I’m not a huge fan of weddings and I was certainly never one of those little girls (or boys, I suppose) who dreamt about their Big Day. (Unless of course the Big Day could be 24 hours with Steven Gerrard and a magic sponge. In which case, yep, had lots of those dreams.) In addition, we occasionally receive products free-of-charge for review. We strive to be diligent in our honestly, and we refuse to review any product sent with strings attached. I’ve thankfully never been on a hen do. But I did once have a very fun night because of someone else’s. I worked long hours at my own business so it was inevitable that my wife and the other gal would spend a lot of time together., Same age kids and all. I have shared my wife and like to watch her shared again.Anyone on here to share shared wife stories and pictures. Maybe can meet some time if from N.E Ohio.I’m imagining that thong under her skirt as I follow her inside, my eyes glued to her booty the whole time. We’re shown our booth and she scoots up next to me, intoxicating me with her warmth.
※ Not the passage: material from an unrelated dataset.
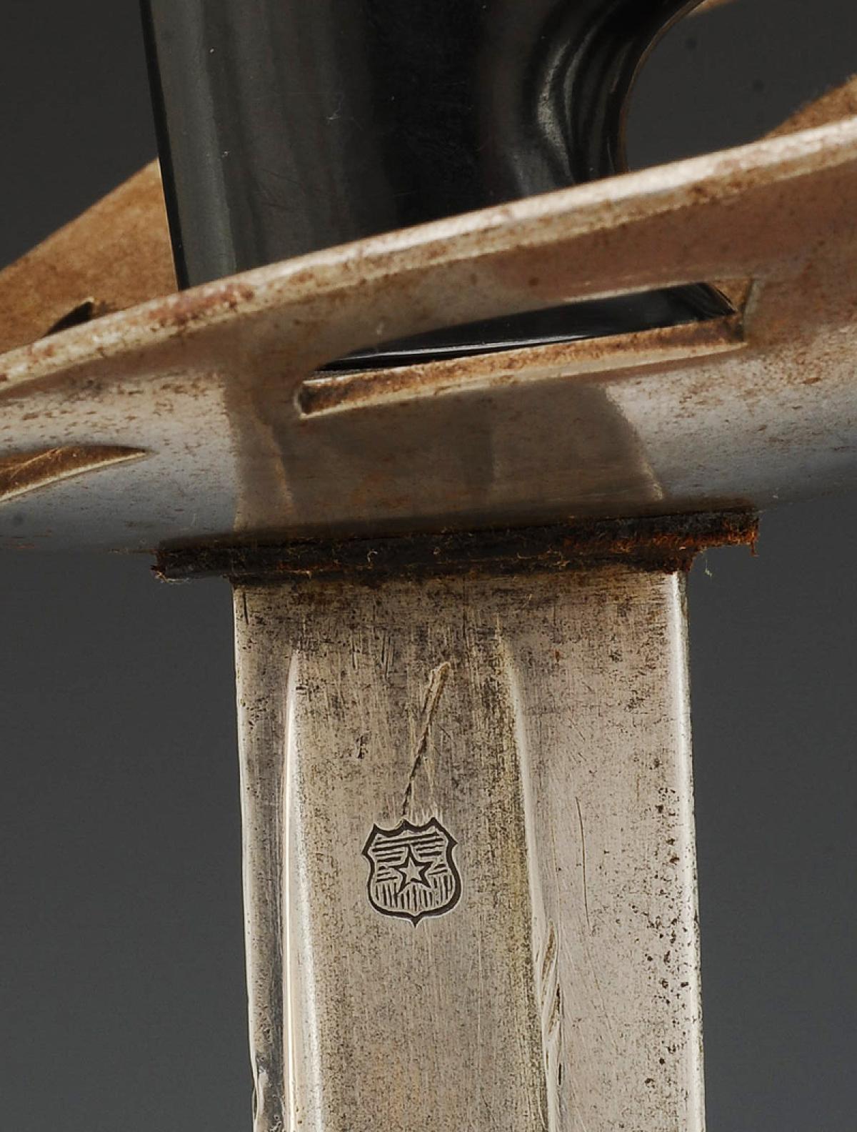 Iron hilt, seven-branch guard, cap with a short tail, wooden handle covered with black celluloid featuring ten flutes and an ergonomic grip for the index finger. Straight blade measuring 89.5 cm in length signed on the back "Manufacture d'Armes de Châtellerault JH." Coat of arms of Chile on the ricasso. Natural leather knot. Steel scabbard with one suspension ring and a movable ring.

My hands almost immediately creep to her thighs, savoring the short skirt, but she moves my hand away every time I get a little too explorative. Because of what I now know to be part of the plan, the two of them ended up in a motel room with one king bed. My wife and i were fighting and she was a bit depressed and was sharing her issues with the other gal. My wife caught me rubbing my ** thru my robe and that actually got her **. I guess I was not supposed to be enjoying the confession but maybe should be feeling guilty that it was my fault. She said it was pale and she thought it was a naked person crawling behind some trees. She saw them stand up against a tree and that’s when she honked the horn and they dropped down and crawled away.